Switching stacks (for instance, by using threads) can result in "false positive" invalidations.  These are safe (never "false negative"), and the cost is proportional to the frequency of thread switching.  The self-checking is thread safe, although updating sp_array[] must be serialized.

-- 
John Reiser, jreiser@BitWagon.com
Comment 10 Nicholas Nethercote 2005-05-03 14:52:09 UTC
I now agree with #69532.  I'm not sure if I didn't see it previously or just didn't understand it.  I'm not keen on John's proposal in comment #9, since it
doesn't restrict the cost of this to just the translations that require it.

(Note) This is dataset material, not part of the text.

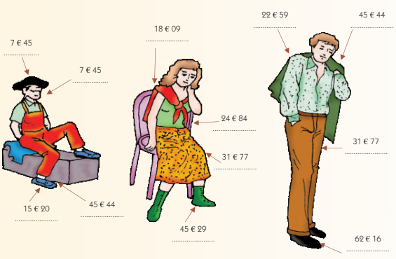 ........................ : 7 € 45 ........................ : 45 € 44 ........................ : 22 € 65 ........................ : 45 € 44 ........................ : 31 € 77 ........................ : 24 € 84 ........................ : 62 € 16 ........................ : 7 € 45 ........................ : 18 € 09 ........................ : 15 € 20 ........................ : 31 € 77 ........................ : 45 € 29 Ans : (Use the vocabulary of the clothes and use an article to show the gender of the noun.)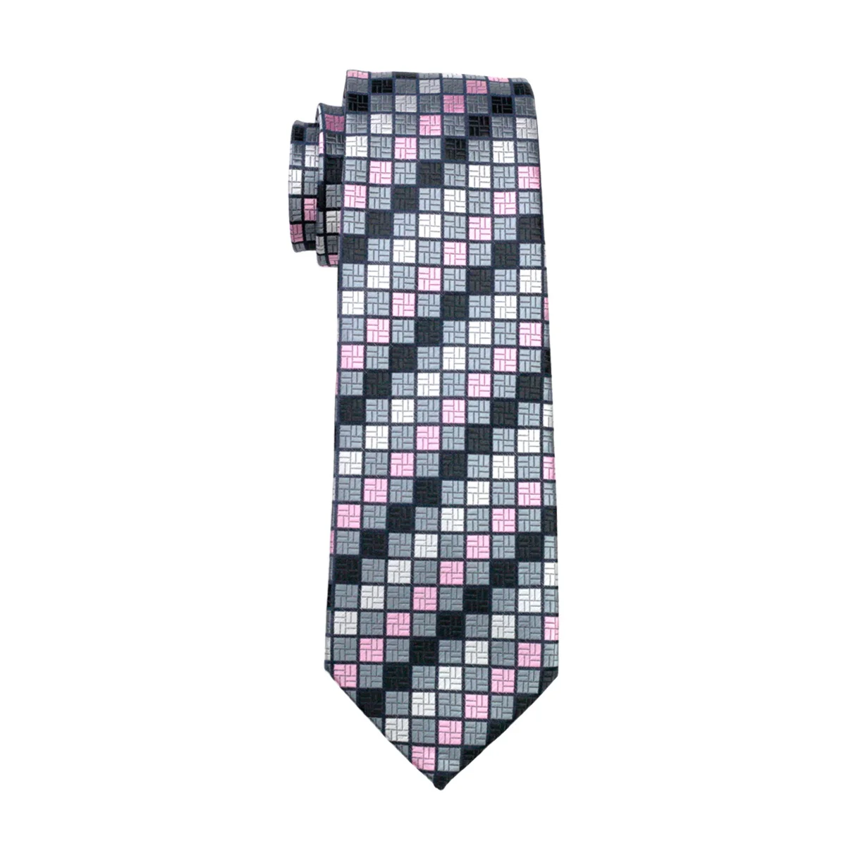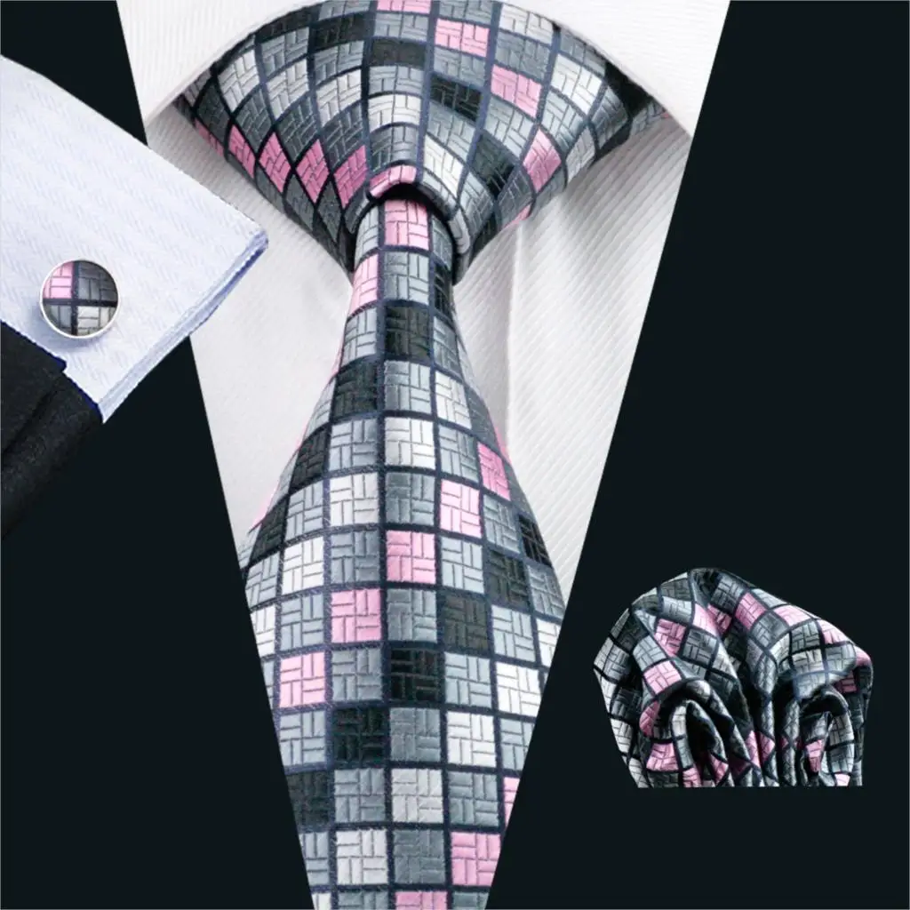 | [해외]FA-482 신사 넥타이 블랙 격자 무늬 100% 실크 자카드 넥타이 손수건 커프스 세트 비즈니스 웨딩 파티 넥타이 무료 배송 |

We could just do something simple: store a copy of the code for the translations deemed short-lived, and call out to a C function at the start of these translations, which would just do a simple byte-by-byte check to see if the code has changed.  (Hmm, you'd probably first test that the original code is within the bounds of the stack, and automatically retranslate if not.)  Some questions:  where would the copy of the code be kept?  And is this a Vex or a Valgrind thing?
Comment 11 Nicholas Nethercote 2005-05-03 17:45:28 UTC
Here's another data point, from an Ada user:

> By the way, local procedures are much more widely used in a language          
> like Ada, than in C.    
>
> As a data point, I ran all the ACATS tests (see the gcc testsuite/ada         
> directory) under valgrind, and the majority of failures were spurious,        
> coming from the trampoline problem.  On the other hand, there are about       
> 1800 tests, and only about 50 triggered the trampoline problem (I don't       
> recall the exact number), so it's not that common either.         
Comment 12 Julian Seward 2005-05-17 01:15:48 UTC
It's clear that self-checking translations are the way to go.  John's
scheme (comment #9) sounds over-complex, though.  I like #10 better, but
that requires storing a complete copy of the original bytes somewhere,
which is inconvenient.  A variant of #10 is to compute a 32-bit CRC of
the bytes, store that, and check it at BB-entry time.  I don't care if
translations close to the stack take a significant performance hit;
they are going to be pretty rare.  The only thing that worries me is
if someone screwed with page permissions in such a way that the self-check
causes a page fault.  Not sure how to fix that.
Comment 13 Jeremy Fitzhardinge 2005-05-17 01:19:35 UTC
We can always fix the page permissions before doing the check, assuming it is possible to have an executable non-readable page (plain x86 doesn't allow it, but x86-64 does).
Comment 14 Julian Seward 2005-05-17 01:43:17 UTC
Can you clarify what you mean by "fix" ?  Do you mean, before each
self-test, force the permissions of the page(s) concerned to be 
whatever they were at the time the translation was made?
Comment 15 Jeremy Fitzhardinge 2005-05-17 02:43:37 UTC
Well, you could just go and try to do the check; if it faults, you can make it readable in the fault handler and try again.  Once the check has finished, you can restore the page permissions.

On the other hand, this is a pretty rare case.  In general, a dynamic piece of code is going to be in RWX memory.
Comment 16 Nicholas Nethercote 2005-07-07 15:32:50 UTC
Julian just fixed this in the 3.0 repository at valgrind.org!